For the first 10 minutes after the transfer of the sample into the magnet, one spectrum generally was measured directly one after the other; for slower hydrolysis reactions, addi-tional spectra were measured individually after specified periods of time (some times after hours or days). The time shown in the upper left corner of the individual spectra in this re-port indicates the period passed since the mixing of the substance with the water. For evaluation of the data the signal intensities of the chosen signals (see details in the sections on the individual compounds) are determined by integration. The signal intensities in 1H-NMR spectra are directly related to the concentration of the structure originating the signal in the spectrum, independent of the substance where this structure is present. This allows the straight-forward calculation of the percentage of the original product on the sum of the concentrations of the original product (e.g. the alkoxy-moiety) and the hydrolysis product (e.g. the alcohol). Half lives then are determined by the slope of the regression line through the determined values in a semi logarithmic Arrhenius plot.

The regression of the Arrhenius plot in this case results in a half life of the original com-pound of 165 minutes at pH 7 and a concentration of 0.01 mol/l.

For the other pH values studies the calculated half lives again are even shorter.

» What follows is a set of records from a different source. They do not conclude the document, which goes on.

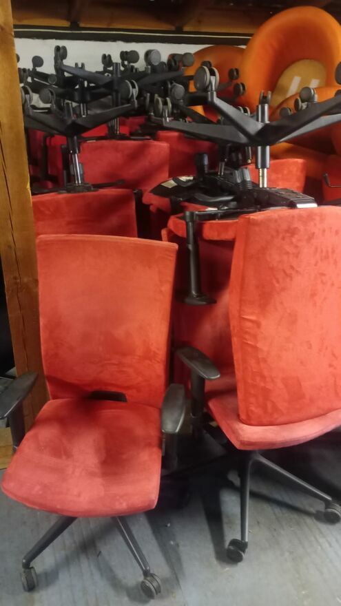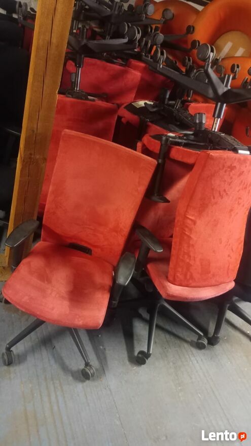 W ofercie fotele biurowe firmy Profim kolor czerwony welurowy.Regulacja wysokości siedziska,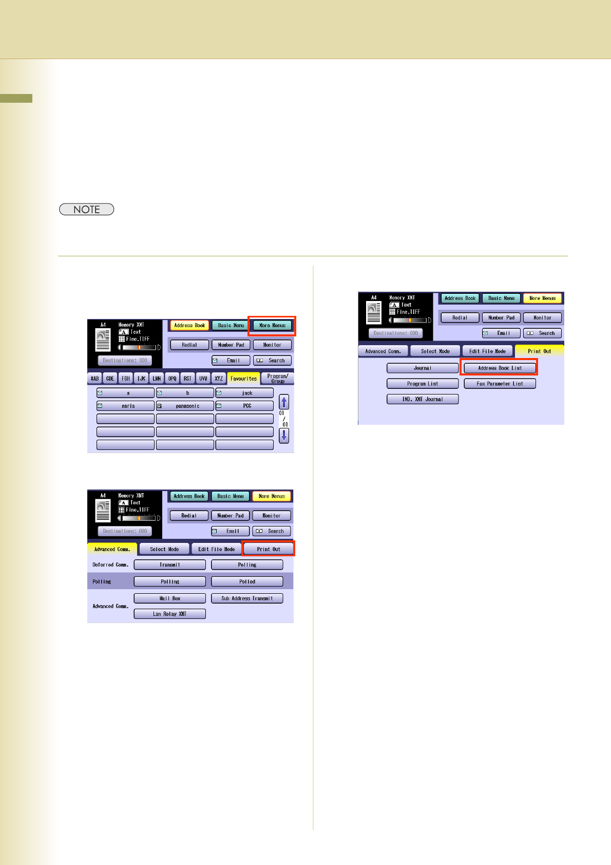 z The Address Book list can also be printed by programming “Fax/Email Settings > Fax Parameters” in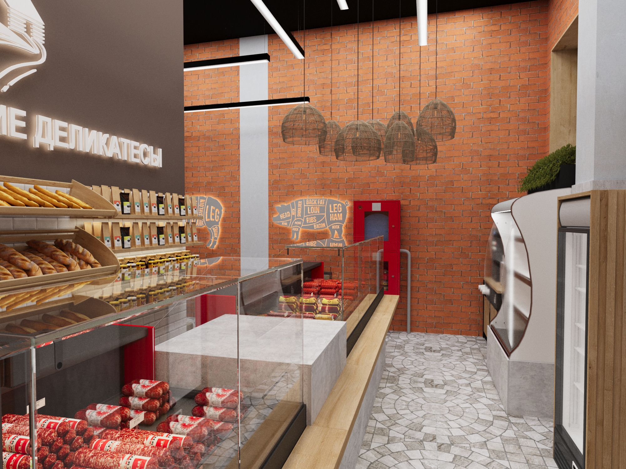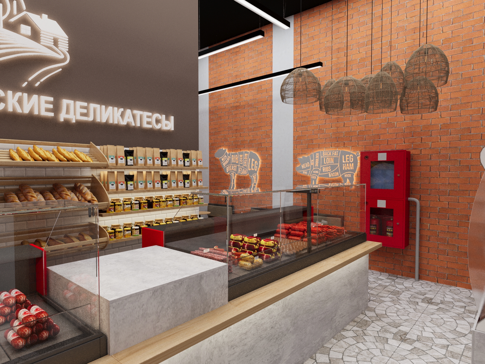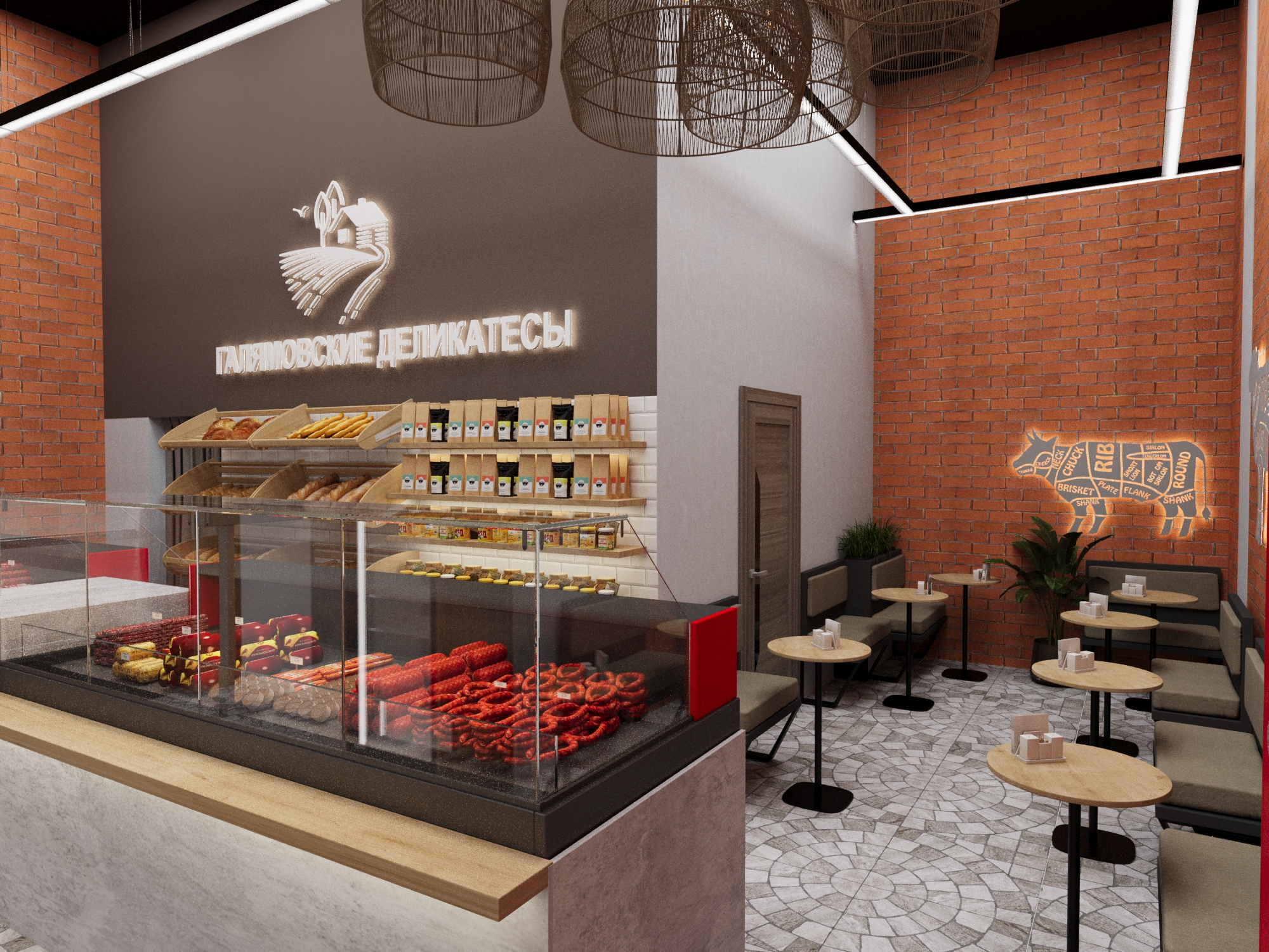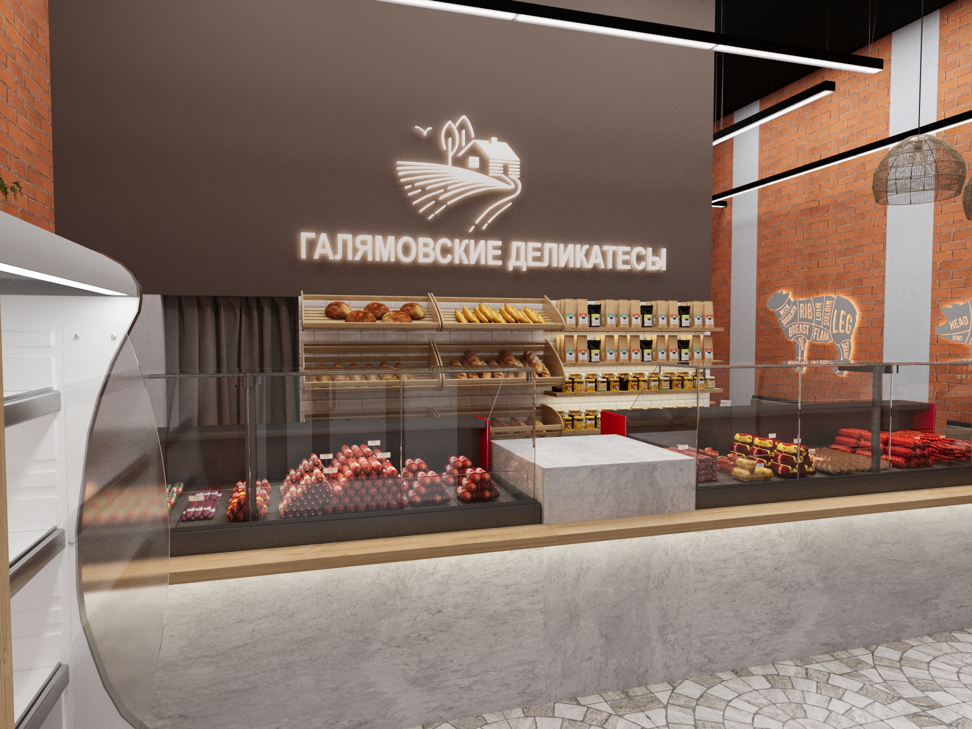 Магазин «Галямовские деликатесы» представляет собой гармоничное сочетание современного дизайна и традиционной атмосферы гастрономической лавки.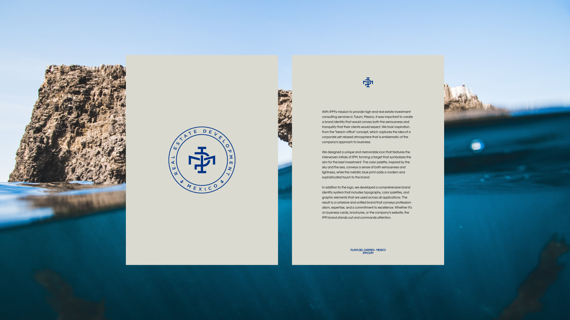 With IPM's mission to provide high-end real estate investment consulting services in Tulum, Mexico, it was important to create a brand identity that would convey both the seriousness and tranquility that their clients would expect. We took inspiration from the "beach-office" concept, which captures the idea of a corporate yet relaxed atmosphere that is emblematic of the company's approach to business.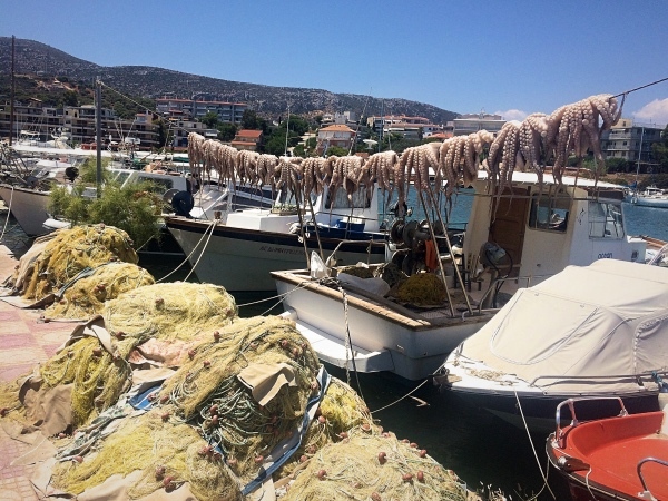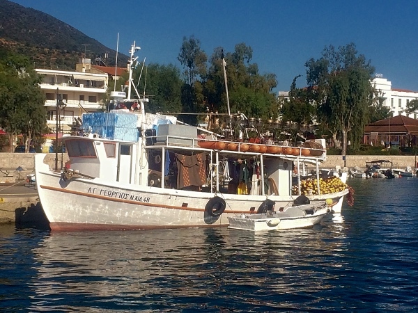 We had a very enjoyable five days here, a typical Greek fishing village were they make the cruiser very welcome, the taverna's appreciate the business and the food is cheap. The fishermen go out in all weather at night, fishing for sardines and other small fish, they land their catch at around five AM, I was usually woken up by the noise of them sorting out the catch and loading it into vans, then they were off to their beds by six, the day's work done.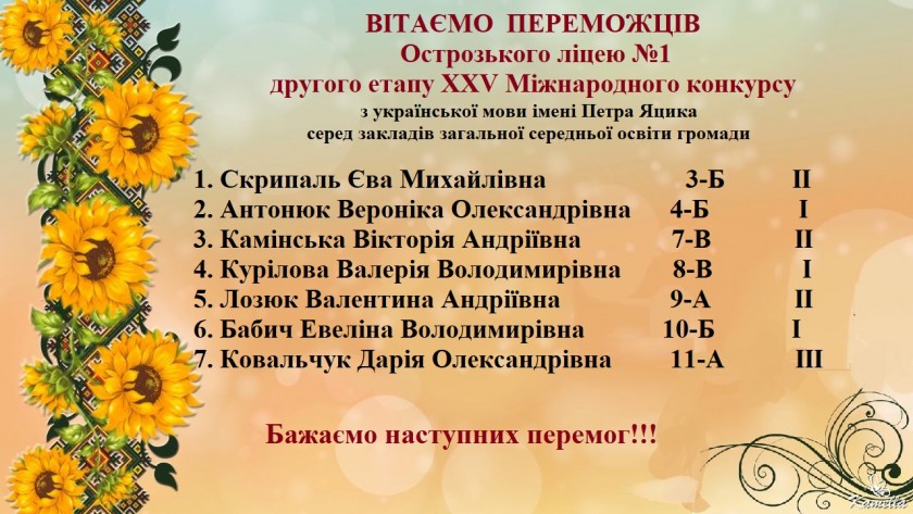 Вітаємо переможців другого етапу XXV Міжнародного конкурсу з української мови імені Петра Яцика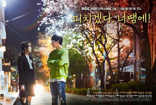 MBC가 2일 공개한 MBC UHD 단막스페셜 ‘미치겠다, 너땜에!’(연출 현솔잎, 극본 박미령) 포스터에는 ‘은성’역할을 맡은 이유영과 ‘래완’역할을 맡은 김선호가 흐드러지는 벚꽃이 아름답게 핀 야경에서 서로를 바라보며 티격태격하는 장면이 담겨 있다.

Estimated hydrolytic half life of N-(3-triethoxysilyl-propyl)-ethylenediamine (0.01 mol/l):

pH 4 :15 min

pH 7 : 165 min

pH 9 : 14 min

Description of key information

Half-life approx. 165 min at 25 °C and  pH 7

Key value for chemical safety assessment

Half-life for hydrolysis:

165 min

Additional information

The hydrolysis of N-(3-triethoxysilyl-propyl)ethylenediamine (CAS 5089 -72 -5) was determined in a study with 1H-NMR spectroscopy (Gerhards, 2006). This method is able to follow the hydrolysis of the various alkoxy and acetoxysilanes. During the course of the hydrolysis the corresponding alkyl alcohols or acetic acid are formed. 1H-NMR-spectroscopy is used to differentiate the alkoxy structure from alcohol structure, or the acetoxy from the acid structure. At the same time 1H-NMR-spectroscopy can be used to quantify products with a molecular weight typical of the studied products at a concentration of 0.01 mol/L without severe problems.

For determining the hydrolysis rate in this case the signal of the CH2-group attached to the oxygen in the ethoxy-group or to the OH-group in ethanol is used. The regression of the Arrhenius plot in this case results in a half-life of the original compound of 165 minutes at pH 7 and a concentration of 0.01 mol/L. For the other pH values studies the calculated half-lives are even shorter with a DT50 of 15 min for pH 4 and 14 min for pH 9.

The initial hydrolysis products are N-(3-(trihydroxysilyl)propyl)ethylenediamine and ethanol.